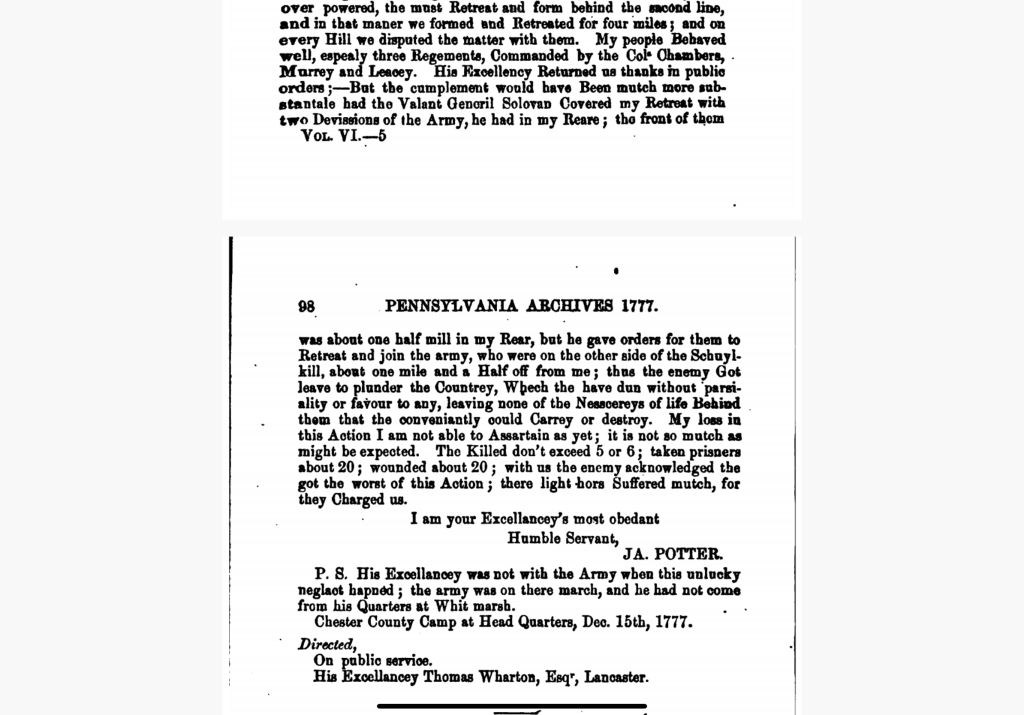The Battle of Maston’s Ford described by Brig. Gen. James Potter of the Pennsylvania Militia, in a letter to Thomas Wharton, president of the Pennsylvania Council (General Assembly), 12/15/1777; from Pennsylvania Archives
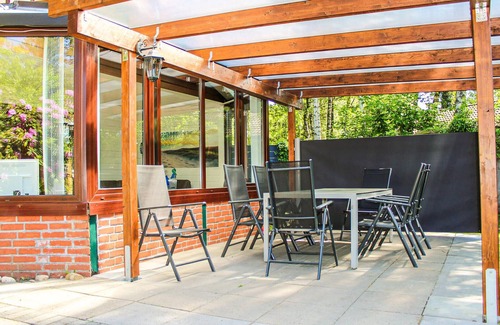 This inviting holiday home is located in a holiday home development on a beautiful plot in green surroundings and is ideal for a holiday with the whole family. Inside the house you will find a cosy and modern interior with many beautiful details. In the dining and living area, for example, there is a bar in the shape of a ship. Spend sociable evenings eating or playing games together here. The conservatory serves as a living room and offers a beautiful view of the garden.
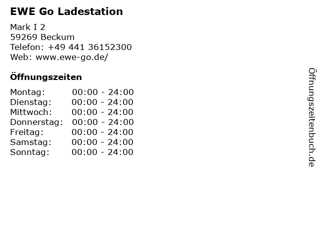 | Öffnungszeiten EWE Go Ladestation in Beckum anzeigen | |
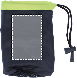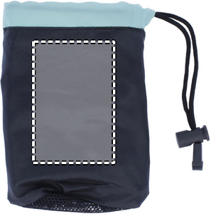 Sports towel presented in nylon pouch with adjustable closing. Towel: 70% polyester, 30% polyamide.
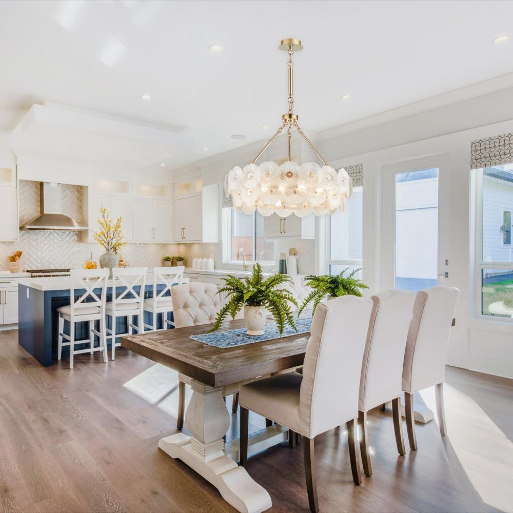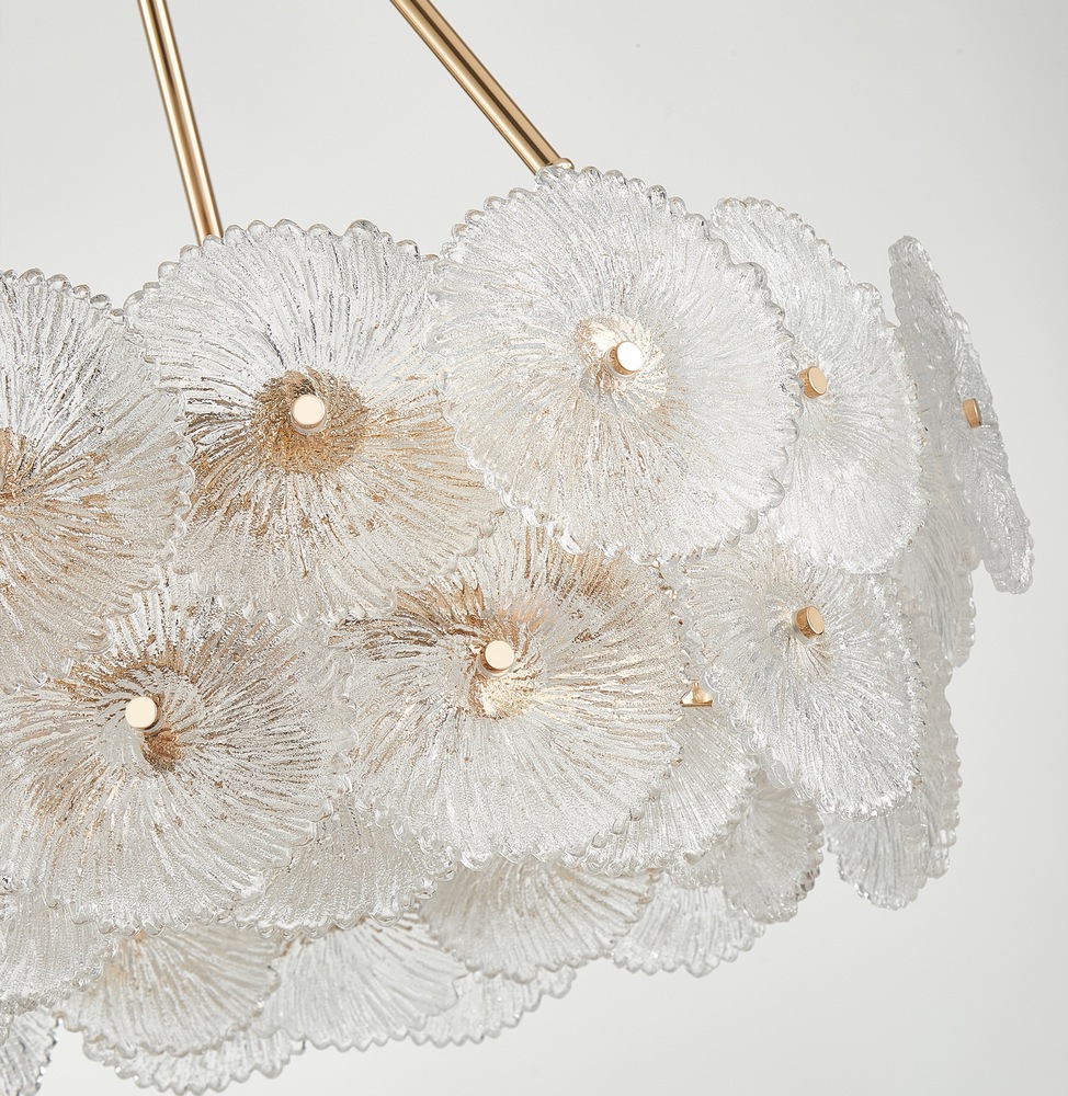 The defining feature of the Bloom collection lies in its enchanting glassware, meticulously crafted to resemble delicate and intricate flowers. The combination of the lustrous brass metal work and the floral-inspired glass elements makes this collection a captivating focal point for any space. The 18 light 31.5" diameter chandelier is shown. (height adjustable via chain)
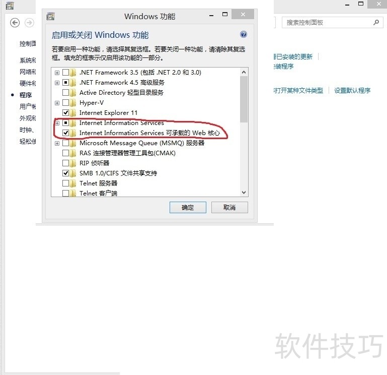 3、 从功能区可以看到关于iis的选项,共有两项,把这两项勾选,然后确定。
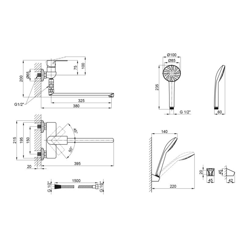 | Комплектація | Змішувач, лійка для ручного душу, душовий шланг, тримач для ручного душу, кріпильні деталі. |
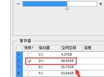 点击性能选项在弹出的对话框内我们将暂存盘设置为最大的盘符里,然后点击确定这样我们的问题就解决了,如图所示:
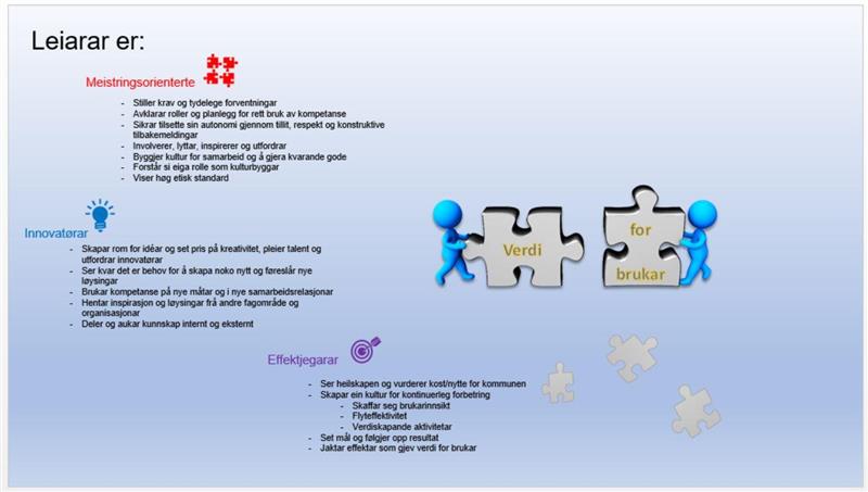 Godt leiarskap er avgjerande for å levera gode tenester til innbyggjarane. Leiarar i Kvam herad skal leggja til rette for meistring, innovasjon og kontinuerleg forbetring.
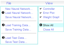 In the fannExplorer menu choose the menu items indicated with numbers - in any order. For example to load the xor sample:
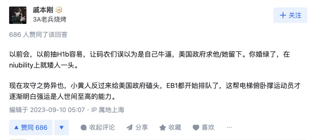 在知乎上,有一篇题为“为了绿卡和美国身份结婚会被人骂吗”的问答,博主“戚本刚”的回答得到了高赞。博主说,婚绿以前会被骂,婚绿的人会觉得“矮人一头”,但现在EB1都开始排队了,“强运”才是人世间至高的能力。
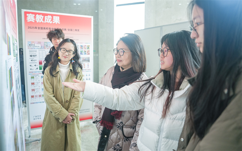 广告艺术设计专业教师马芸莉分享了带学生竞赛历程中的感悟与收获。她表示,作为专业教师,不仅要以专业功底带领学生打磨作品细节,精进设计技能,更要以设计育人的热忱,传递“学思践悟、知行合一”的理念,帮助学生在攻克设计难题的协作中体悟团队创作的价值,在对接真实行业需求的过程中明晰设计服务社会的责任,真正让专业能力成为赋能成长、服务社会的有力支撑。
-----
Description of the task:
Reproduce each line of the records exactly, omitting any picture.

Answer:
The Battle of Maston’s Ford described by Brig. Gen. James Potter of the Pennsylvania Militia, in a letter to Thomas Wharton, president of the Pennsylvania Council (General Assembly), 12/15/1777; from Pennsylvania Archives
 This inviting holiday home is located in a holiday home development on a beautiful plot in green surroundings and is ideal for a holiday with the whole family. Inside the house you will find a cosy and modern interior with many beautiful details. In the dining and living area, for example, there is a bar in the shape of a ship. Spend sociable evenings eating or playing games together here. The conservatory serves as a living room and offers a beautiful view of the garden.
 | Öffnungszeiten EWE Go Ladestation in Beckum anzeigen | |
 Sports towel presented in nylon pouch with adjustable closing. Towel: 70% polyester, 30% polyamide.
 The defining feature of the Bloom collection lies in its enchanting glassware, meticulously crafted to resemble delicate and intricate flowers. The combination of the lustrous brass metal work and the floral-inspired glass elements makes this collection a captivating focal point for any space. The 18 light 31.5" diameter chandelier is shown. (height adjustable via chain)
 3、 从功能区可以看到关于iis的选项,共有两项,把这两项勾选,然后确定。
 | Комплектація | Змішувач, лійка для ручного душу, душовий шланг, тримач для ручного душу, кріпильні деталі. |
 点击性能选项在弹出的对话框内我们将暂存盘设置为最大的盘符里,然后点击确定这样我们的问题就解决了,如图所示:
 Godt leiarskap er avgjerande for å levera gode tenester til innbyggjarane. Leiarar i Kvam herad skal leggja til rette for meistring, innovasjon og kontinuerleg forbetring.
 In the fannExplorer menu choose the menu items indicated with numbers - in any order. For example to load the xor sample:
 在知乎上,有一篇题为“为了绿卡和美国身份结婚会被人骂吗”的问答,博主“戚本刚”的回答得到了高赞。博主说,婚绿以前会被骂,婚绿的人会觉得“矮人一头”,但现在EB1都开始排队了,“强运”才是人世间至高的能力。
 广告艺术设计专业教师马芸莉分享了带学生竞赛历程中的感悟与收获。她表示,作为专业教师,不仅要以专业功底带领学生打磨作品细节,精进设计技能,更要以设计育人的热忱,传递“学思践悟、知行合一”的理念,帮助学生在攻克设计难题的协作中体悟团队创作的价值,在对接真实行业需求的过程中明晰设计服务社会的责任,真正让专业能力成为赋能成长、服务社会的有力支撑。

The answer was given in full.